W historii WIG20 taka sytuacja nie zdarzyła się jeszcze nigdy. Na pierwszy rzut oka takie zjawisko sugerowałoby istnienie stanowczej – choć ostrożnej, bo nieprzekładającej się na silne spadki – presji podażowej. Dla takiej hipotezy można próbować znaleźć potwierdzenie historyczne. W przeszłości trzykrotnie mieliśmy 15 czarnych świec na 17 kolejnych. W dwu przypadkach – sierpień 1994 oraz kwiecień 1995 – był to sygnał ostrzegający przed spadkami, które rozpoczęły się 1–3 tygodnie później. Tę negatywną wymowę psuje jednak trzeci przypadek zarejestrowany 30?listopada 1999 r. Wtedy, po takim sygnale WIG20 wzrósł o ponad 60 proc. w ciągu czterech miesięcy. Pozostaje więc wniosek, że niekoniecznie na bazie faktu pojawienia się tej serii czarnych świec należy budować jakieś śmiałe teorie.

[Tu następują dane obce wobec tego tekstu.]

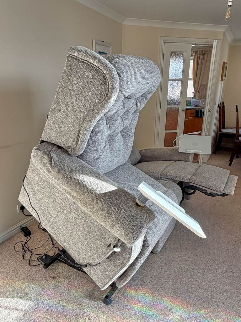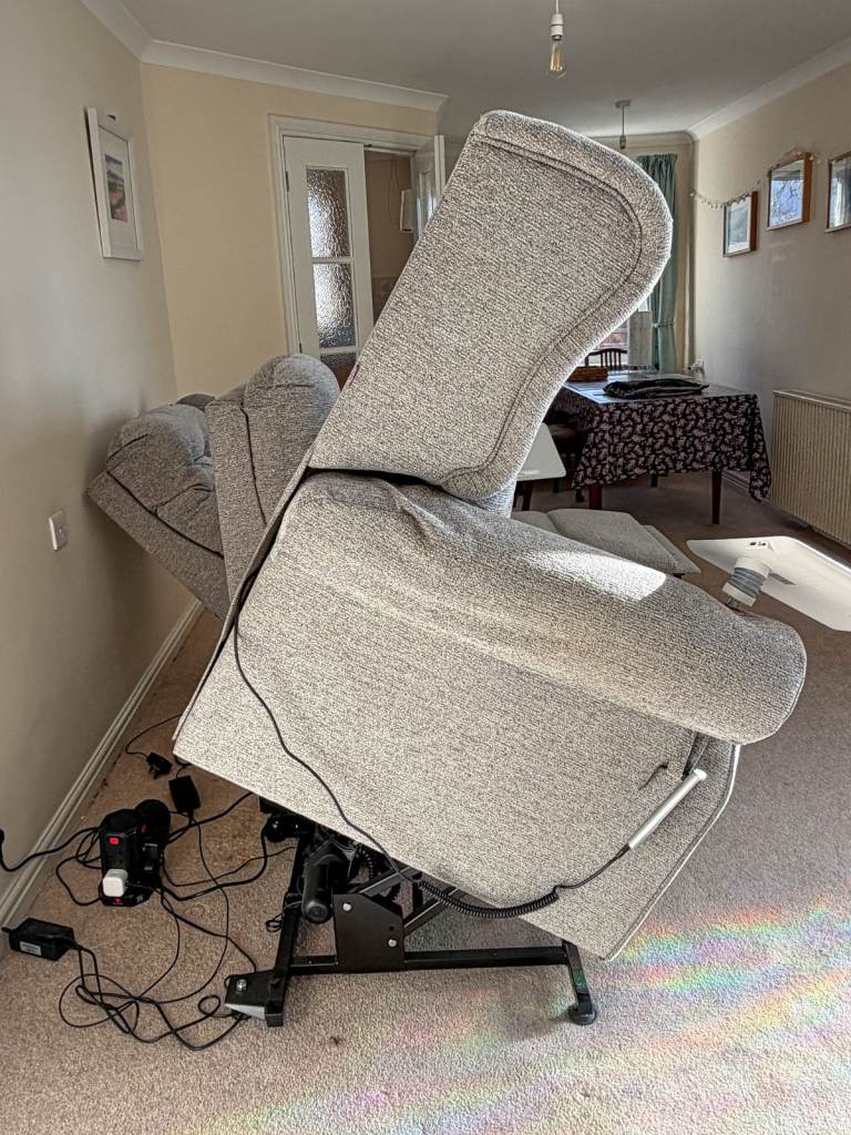 Originally purchased for £7,000, this is a premium UK-made mobility sofa offering full electric rise and recline functionality — perfect for anyone needing extra support getting up and down, or simply wanting exceptional comfort.
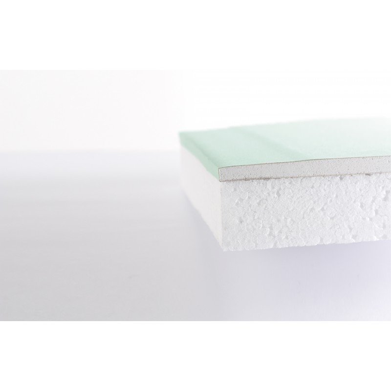 Complexes de doublage constitués d'un panneau isolant en polystyrène graphité ou blanc collé sur une plaque de plâtre à bords amincis de 13 mm standard, hydrofuge ou acoustique.
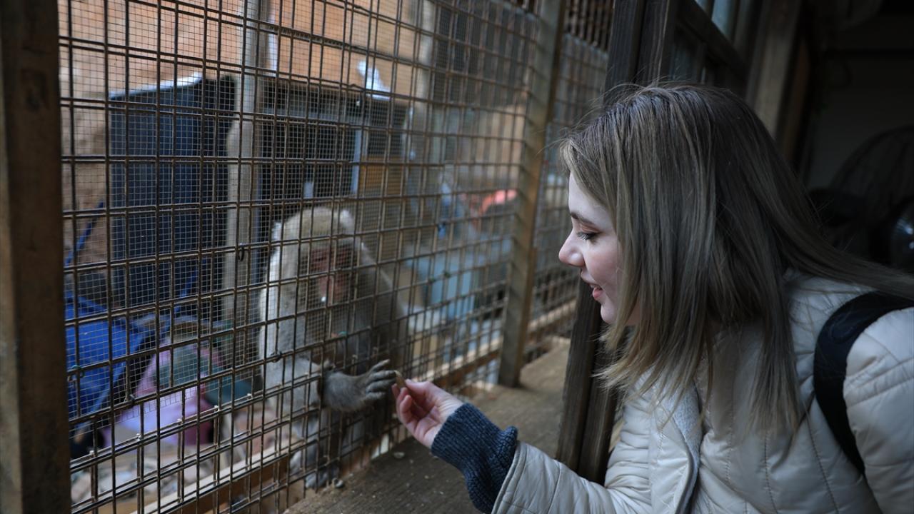 Parkta dolaşan Japon makak maymunları, ziyaretçilerin ilgisini çekiyor.
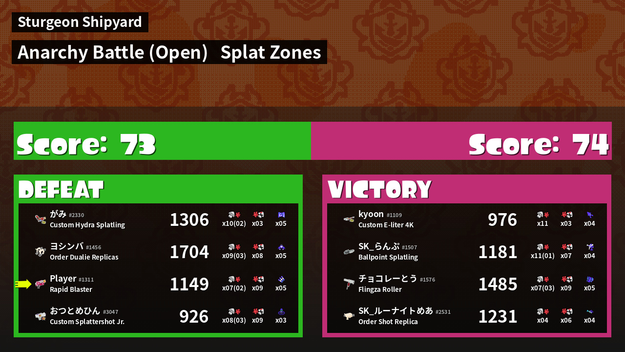 | Mode | Splat Zones - Anarchy Battle (Open) | ||

Innym niepokojącym sygnałem mógł być czwartkowy raport ISM w USA, który pokazał niespodziewany spadek wartości wskaźnika dla przemysłu przetwórczego. Lutowa wartość ISM Manufacturing okazała się rekordowo niższa od wskazań modelu opartego na danych regionalnych (Nowy Jork, Richmond, Filadelfia, Chicago). Nie było większego odchylenia in minus od przynajmniej 11 lat. Ale sprawdzenie dat trzech największych negatywnych niespodzianek tego typu pokazuje, że i tym sygnałem nie ma się co specjalnie przejmować. Te trzy daty to grudzień 2008 (dołek ISM Manufacturing), kwiecień 2005 (miesiąc przed dołkiem wskaźnika) i czerwiec 2003 (2?miesiące po dołku wskaźnika). Jak widać, tego typu rozczarowania mają tendencję do pojawiania się raczej w okolicach dołków koniunktury gospodarczej niż na jej istotnych szczytach.
Zachowanie kursu USD/PLN, który w całej swojej historii miał tylko dwa epizody 34-sesyjnego spadku o takiej skali jak ostatnio (luty–kwiecień 2009 i czerwiec–lipiec 2010) sugeruje, że dla piątkowej sesji analogii szukać należy w sesjach z 14 kwietnia 2009 oraz 4?sierpnia 2010. Z jednej strony sugeruje to istnienie kilkuprocentowego potencjału wzrostowego na dolarze (do 3,25 w ciągu 2 tygodni?). Z drugiej jednak strony fakt, że sytuacja techniczna WIG20 jest praktycznie identyczna jak ta z kwietnia 2009 i sierpnia 2010, pozwala widzieć WIG20 za dwa miesiące powyżej poziomu 2600 pkt.